Overview
Nextflow is a pipeline engine that can take advantage of the batch nature of the HPC environment to efficiently and quickly run Bioinformatic workflows.
For more information about Nextflow, please visit Nextflow - A DSL for parallel and scalable computational pipelines
The ampliseq pipeline is a bioinformatics analysis pipeline used for 16S rRNA amplicon sequencing data.
https://github.com/nf-core/ampliseq
Install NextFlow locally
PBS session: qsub -I -S /bin/bash -l walltime=168:00:00 -l select=1:ncpus=4:mem=8gb
tmux
module load java
Test NextFlow: nextflow run nf-core/ampliseq -profile test,singularity --metadata "Metadata.tsv"
failed! Data files listed in metadata.tsv not found. Need local copies for this parameter.
Tried without metadata: NextFlow: nextflow run nf-core/ampliseq -profile test,singularity
Initially ran, then failed during trimming '
cutadapt: error: pigz: abort: read error on 1_S103_L001_R2_001.fastq.gz (No such file or directory) (exit code 2)
' Looks like cannot pull down files. Need to pull files locally.Keeps failing with different errors every time. HPC issue methinks.
One intemittant error: cannot download metadata.tsv file.
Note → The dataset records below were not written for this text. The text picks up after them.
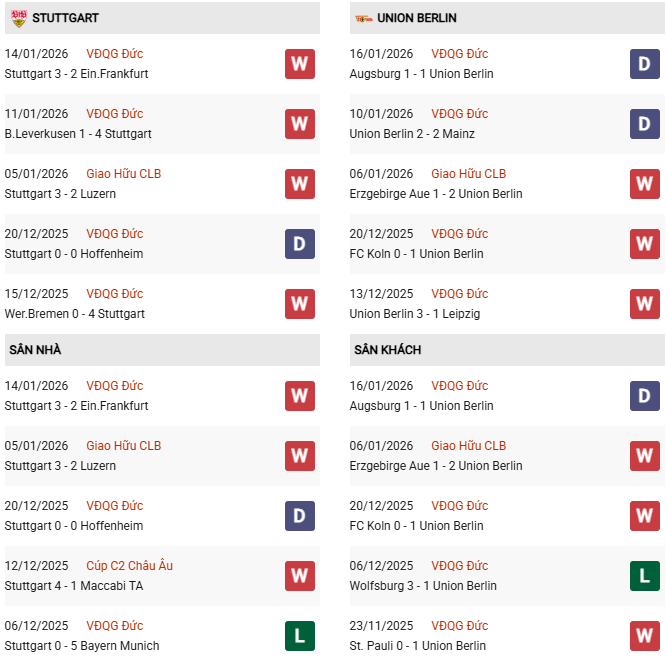 - Trên sân nhà, Stuttgart thắng 4, thua 1 trước Union Berlin.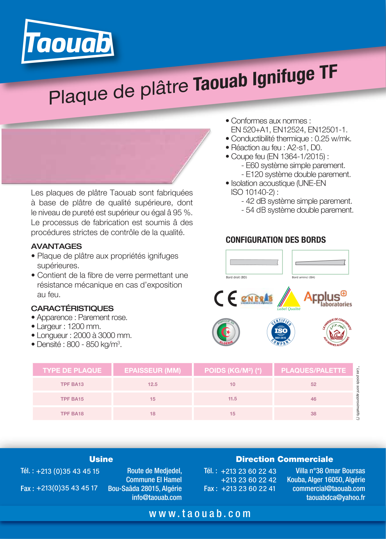 FIRE-RESISTANT GYPSUM BOARD Taouab TPF
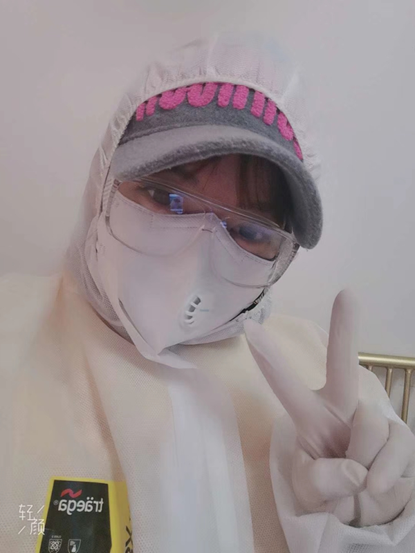我出去心理壓力也很大,所以我回來(lái)進(jìn)門之前,消毒工作從頭到腳,到鞋底都不放過(guò)。防護(hù)服那些在樓下脫下,拿個(gè)塑料袋裝起來(lái)丟到垃圾桶。站在門外噴消毒液,我老公拿著“槍”對(duì)著我噴,感覺(jué)我的呼吸道都被消毒了。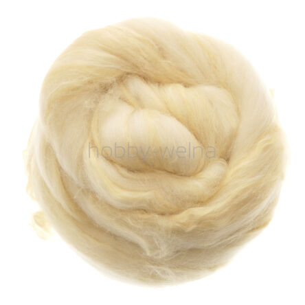Mieszanka wełny z Merynosa południowo-amerykańskiego 23 μ w kolorze białym naturalnym z dodatkiem włókna soi w kolorze ecru.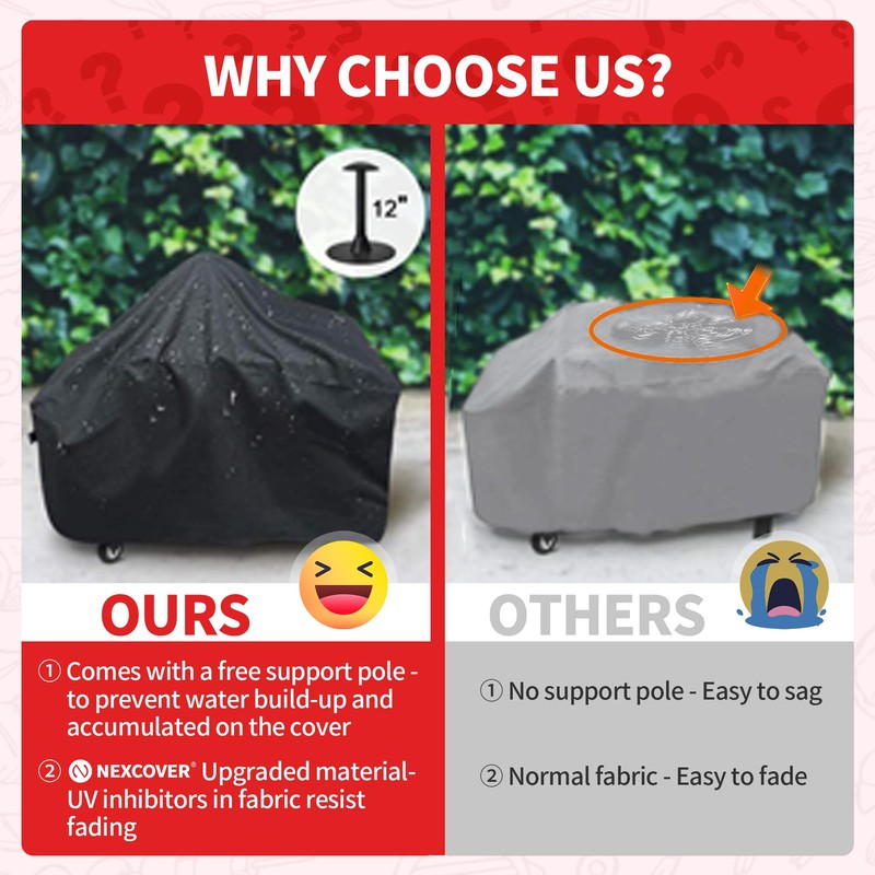 - Support Pole Make a Meaningful Difference: NEXCOVER griddle cover 36 inch is equipped with a 12"H support pole, this griddle accessory prevents the barbecue cover from contacting the oil-coated griddle surface, thus preventing water and debris buildup. It ensures that your grill griddle remains dry and ready for use.

Solution: downloading all test files locally, to the root test directory (wget all of them):
1. Metadata file: https://github.com/nf-core/test-datasets/raw/ampliseq/testdata/Metadata.tsv
2.
Classifier: https://github.com/nf-core/test-datasets/raw/ampliseq/testdata/GTGYCAGCMGCCGCGGTAA-GGACTACNVGGGTWTCTAAT-gg_13_8-85-qiime2_2019.7-classifier.qza
3. Fastq files. ['1_S103', ['https://github.com/nf-core/test-datasets/raw/ampliseq/testdata/1_S103_L001_R1_001.fastq.gz', 'https://github.com/nf-core/test-datasets/raw/ampliseq/testdata/1_S103_L001_R2_001.fastq.gz']], ['1a_S103', ['https://github.com/nf-core/test-datasets/raw/ampliseq/testdata/1a_S103_L001_R1_001.fastq.gz', 'https://github.com/nf-core/test-datasets/raw/ampliseq/testdata/1a_S103_L001_R2_001.fastq.gz']], ['2_S115', ['https://github.com/nf-core/test-datasets/raw/ampliseq/testdata/2_S115_L001_R1_001.fastq.gz', 'https://github.com/nf-core/test-datasets/raw/ampliseq/testdata/2_S115_L001_R2_001.fastq.gz']], ['2a_S115', ['https://github.com/nf-core/test-datasets/raw/ampliseq/testdata/2a_S115_L001_R1_001.fastq.gz', 'https://github.com/nf-core/test-datasets/raw/ampliseq/testdata/2a_S115_L001_R2_001.fastq.gz']] ]}
Creating custom test.config file that points to these local files
NOTE: we should have a standard place on the HPC for these files, that we can point (or symlink) to in the local nextflow.config script.
params {
classifier = "GTGYCAGCMGCCGCGGTAA-GGACTACNVGGGTWTCTAAT-gg_13_8-85-qiime2_2019.7-classifier.qza"
metadata = "Metadata.tsv"
readPaths = [
['1_S103', ['1_S103_L001_R1_001.fastq.gz', '1_S103_L001_R2_001.fastq.gz']],
['1a_S103', ['1a_S103_L001_R1_001.fastq.gz', '1a_S103_L001_R2_001.fastq.gz']],
['2_S115', ['2_S115_L001_R1_001.fastq.gz', '2_S115_L001_R2_001.fastq.gz']],
['2a_S115', ['2a_S115_L001_R1_001.fastq.gz', '2a_S115_L001_R2_001.fastq.gz']]
]
}
It worked! NextFlow has a connectivity issue, at least on the HPC.
6. Run NextFlow tower
7.
8 On to testing Mahsa’s data…:
Downloaded Silva Db from: https://www.arb-silva.de/fileadmin/silva_databases/qiime/Silva_132_release.zip
Nextflow.config params:
params {
max_cpus=32
max_memory=512.GB
max_time = 48.h
input="/work/rumen_16S/nextflow/16S/fastq"
extension="/*.fastq.gz"
FW_primer = "TCGTCGGCAGCGTCAGATGTGTATAAGAGACAGCCTACGGGNGGCWGCAG"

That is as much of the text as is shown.